HIGH RESOLUTION SOLUTION NMR STUDIES OF 4F-DIMYRISTOYLPHOSPHATIDYLCHOLINE DISCOIDAL COMPLEX^*

Vinod K. Mishra¹, Mayakonda N. Palgunachari, N. Rama Krishna, John Glushka^¶, Jere P. Segrest, and G. M. Anantharamaiah²

From the Atherosclerosis Research Unit, the Department of Medicine, and the Department of Biochemistry and Molecular Genetics and Comprehensive Cancer Center, University of Alabama Medical Center, Birmingham, Alabama 35294 and the ^¶Southeast Collaboratory for Biomolecular NMR/The Complex Carbohydrate Research Center, University of Georgia, Athens, Georgia 30602

Model class A amphipathic helical peptides mimic several properties of apolipoprotein A-I (apoA-I), the major protein component of high density lipoproteins. Previously, we reported the NMR structures of Ac-18A-NH₂ (renamed as 2F because of two phenylalanines), the base-line model class A amphipathic helical peptide in the presence of lipid ( Mishra, V. K., Anantharamaiah, G. M., Segrest, J. P., Palgunachari, M. N., Chaddha, M., Simon Sham, S. W., and Krishna, N. R. (2006) J Biol. Chem. 281, 6511-6519[Abstract/Free Full Text] ). Substitution of two Leu residues on the nonpolar face (Leu³ and Leu¹⁴) with Phe residues produced the peptide 4F (so named because of four phenylalanines), which has been extensively studied for its anti-inflammatory and antiatherogenic properties. Like 2F, 4F also forms discoidal nascent high density lipoprotein-like particles with 1,2-dimyristoyl-sn-glycero-3-phosphocholine (DMPC). Since subtle structural changes in the peptide-lipid complexes have been shown to be responsible for their antiatherogenic properties, we undertook high resolution NMR studies to deduce detailed structure of 4F in 4F·DMPC discs. Like 2F, 4F adopts a well defined amphipathic -helical structure in association with the lipid at a 1:1 peptide/lipid weight ratio. Nuclear Overhauser effect (NOE) spectroscopy revealed a number of intermolecular close contacts between the aromatic residues in the hydrophobic face of the helix and the lipid acyl chain protons. Similar to 2F, the pattern of observed peptide-lipid NOEs is consistent with a parallel orientation of the amphipathic helix, with respect to the plane of the lipid bilayer, on the edge of the disc (the belt model). However, in contrast to 2F in 2F·DMPC, 4F in the 4F·DMPC complex is located closer to the lipid headgroup as evidenced by a number of NOEs between 4F and DMPC headgroup protons. These NOEs are absent in the 2F·DMPC complex. In addition, the conformation of the DMPC sn-3 chain in 4F·DMPC complex is different than in the 2F·DMPC complex as evidenced by the NOE between lipid 2.CH and βCH₂ protons in 4F·DMPC, but not in 2F·DMPC, complex. Based on the results of this study, we infer that the antiatherogenic properties of 4F may result from its preferential interaction with lipid headgroups.

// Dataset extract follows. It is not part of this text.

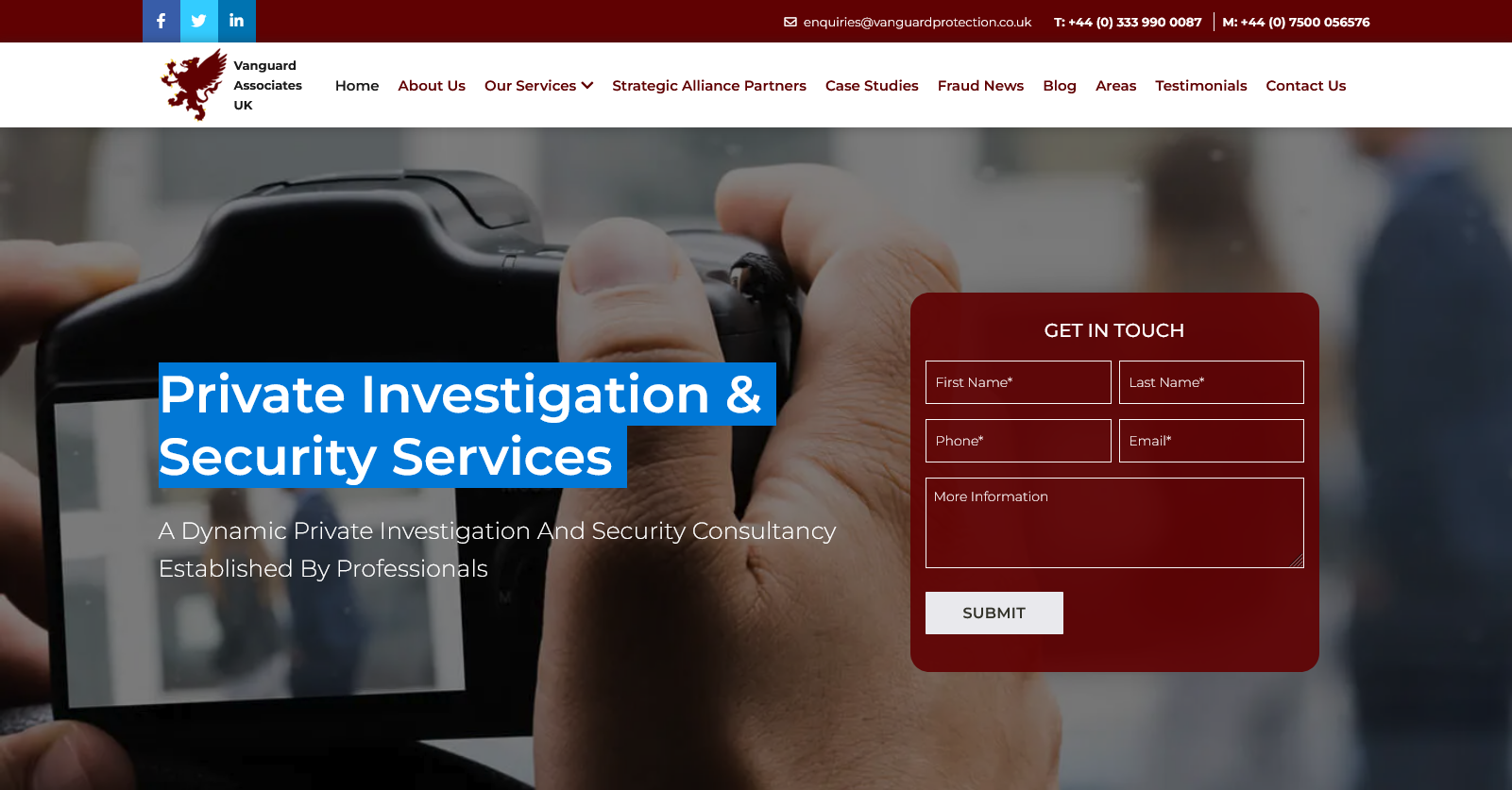 Vanguard Associates UK is an innovative private investigation and security consultancy founded by experts from various investigative and security fields, each bringing extensive knowledge, experience, and exceptional integrity.

Received for publication, August 18, 2008 , and in revised form, October 8, 2008.

The atomic coordinates of NMR structures of 4F in 4F-DMPC disc, ¹H chemical shifts, and distance and dihedral constraints (accession number 20034), have been deposited in the Biological Magnetic Resonance Data Bank (http://www.bmrb.wisc.edu).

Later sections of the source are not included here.